Poema de Fernán González

Poema de Fernán González
Poem of Fernán González

First page of the manuscript
Also known as Cantar de Fernán González
Lay of Fernán González
Author(s) unknown
Language Old Spanish
Date 1250–66
Manuscript(s) Biblioteca de El Escorial, IV-B-21 (unique)
Genre epic poetry
Verse form cuaderna vía
Length 3048 verses in 762 strophes

The Poema de Fernán González is a Castilian epic poem, specifically, a cantar de gesta of the Mester de Clerecía. Composed in a metre called the cuaderna vía, it narrates the deeds of the historical Count of Castile, Fernán González. It was written between 1250 and 1266 by a monk of San Pedro de Arlanza. In 1960 a fourteenth-century Arab roofing tile was discovered in Merindad de Sotoscueva north of Burgos that had some verses of the poem scrawled on it in Old Spanish. It is the oldest copy of (a part of) the work.

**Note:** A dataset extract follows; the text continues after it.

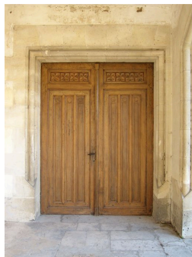
Vue de la porte d'entrée à deux vantaux.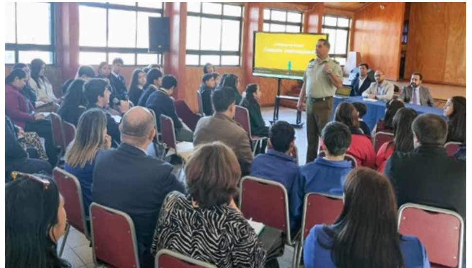
El conversatorio se efectuó en el auditorio del Liceo Comercial Armando Bravo Bravo, de Angol.

The poem reiterates the campaigns of Fernán González against the Moors, his wars against the Kingdom of Navarre, his debates with the King of León, and his protection of San Pedro de Arlanza, where he was eventually buried. Fernán's ability to keep Castile out of the reach of the Moors, however, is most heavily stressed. The poem is designed to present Fernán as the legitimate ruler of all Spain and thus justify Castilian supremacy in the poet's own day. The opening lines express the poet's own desire:

En el nonbre del Padre
que fizo toda cosa,
el que quiso nasçer
de la Virgen preçiossa,
del Spiritu Santo que es
ygual de la espossa,
del conde de Castilla quiero
façer vna prossa.

 

In the name of the Father
who made everything,
[of] he who wished to be born
of the precious Virgin,
[and] of the Holy Ghost who is
equal those already mentioned,
about the count of Castile I wish
to make prosody.

Despite this strong ideological bent, the author was not well aware of the historical details. Very little about Fernán González has been conserved in writing and most of the stories about him were transmitted orally, developing into legend in the process. The Poema itself is conserved in only one fifteenth-century manuscript, where the mentality and language of the work attest to its thirteenth-century origins.